The purity of gold is measured using the 'karat' system, which provides information on what percentage of any type of gold is made up of pure gold. Gold 'karatage' is expressed in parts out of 24. 

  • Pure gold is 24K, as all 24 out of 24 parts consist of pure gold.  

  • 18K gold consists of 18 parts pure gold mixed with 6 parts other metals. Expressed as a percentage, 18K gold is 75% pure gold. That's why you'll see a tiny '18K' or 'Au750' engraved on the inside of your band.

  • 14K gold, on the other hand, consists of 14 parts pure gold mixed with 10 parts other metal. As a percentage, the pure gold in a 14K Gold band accounts for 58.3% of the total metal. 

  • 10K gold, as you can imagine, consists of 10 parts pure gold mixed with 14 parts alloy. This calculates to 41.7% of pure gold.

Alright, let’s now talk about things you will see and feel across karats. 


White Gold karat options are basically impossible to differentiate. For yellow and rose the color is slightly different but hardly noticeable. Here are the minor variation you may see for yellow and rose. 

  • 10K Gold color: Pale-ish yellow/rose. Because it's got the lowest % of actual gold, you'll find a slightly lighter shade. Figure 5 out of 10, with 10 being a saturated, rich, almost mustard yellow.

  • 14K Gold color: Warm and well-balanced yellow/rose. Side-by-side with 10K gold, 14K will look slightly more rich and warm since it's got a higher % of pure gold. Figure 7 out of 10.

  • 18K Gold color: Lustrous yellow/rose. Think of 18K as the richest of the options with intense warmth and saturation. 8.5 out of 10.


10K will be less expensive than 14K, which will be less expensive than 18K. The reason is, pure gold is more valuable than the alloys it's mixed with. The more real gold, the higher the cost.


This works the opposite of how you might think. Because pure gold is softer than the alloys it's mixed with, an 18K gold ring is more prone to scratches, nicks, scuffs, and other daily wear & tear than a 14K or 10K ring.

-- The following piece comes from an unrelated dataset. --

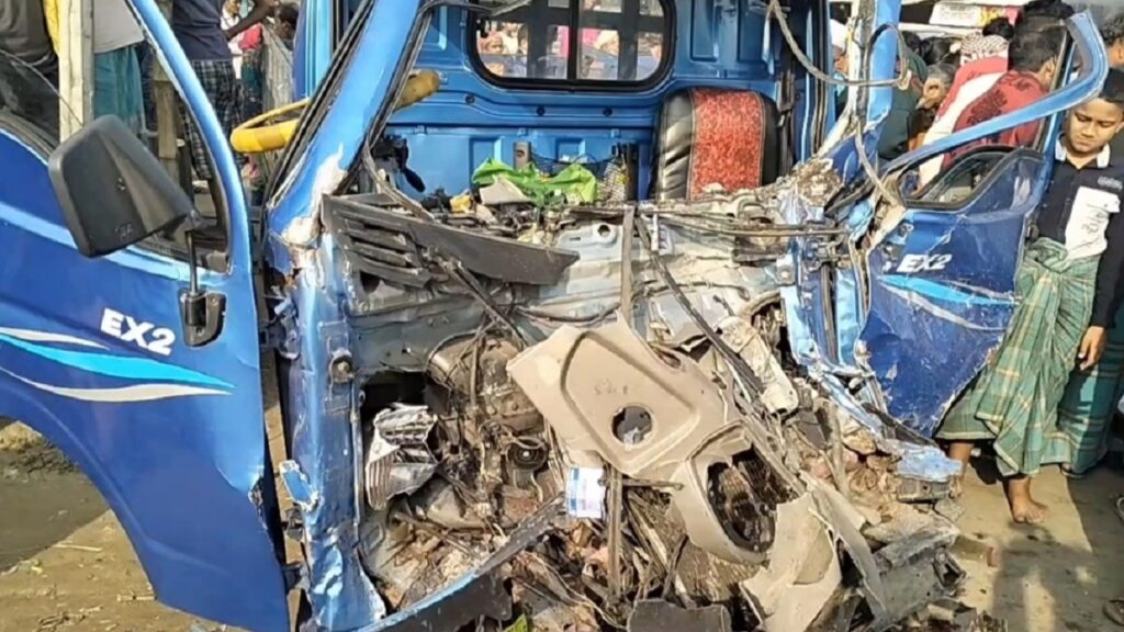 পুলিশ জানায়, প্রথমে ঢাকামুখী একটি বাসের সাথে পিকআপ ভ্যানের মুখোমুখি সংঘর্ষ হয়। পরে পিকআপের সাথে ধাক্কা লাগে একটি সিএনজি অটোরিকশার। এতে ঘটনাস্থলেই পিকআপ ভ্যানের আরোহী আনোয়ার ও শামসুল হক মারা যায়। এছাড়া গুরুতর আহত অবস্থায় পিকআপের চালক সুজা মণ্ডলকে ময়মনসিংহ মেডিকেলে ভর্তি করা হয়। পরবর্তীতে চিকিৎসাধীন অবস্থায় তার মৃত্যু হয়। দুর্ঘটনার পরপরই বাসের চালক ও হেলপার পালিয়ে যায়।

Again - gold is a soft, malleable metal that scratches, bends, and warps easily. This means that the purer a gold ring is, the easier it becomes to scratch it on door frames, desks, tables, the ground, and other surfaces. 

All that being said, 14K gold is more than durable enough for the average person. It’s also significantly more durable than 18K gold, making it the better choice if you and your partner have an active lifestyle.

If you’re not concerned about durability and want the purest form of gold that’s still practical for a wedding band, 18K gold can be a better choice. Just be aware that you'll need to be a little more careful. 


Your Marke wedding band will not tarnish or rust, and it is the most corrosion-proof and oxidation-resistant metal. What that means is, it'll last forever - regardless of which gold option you choose.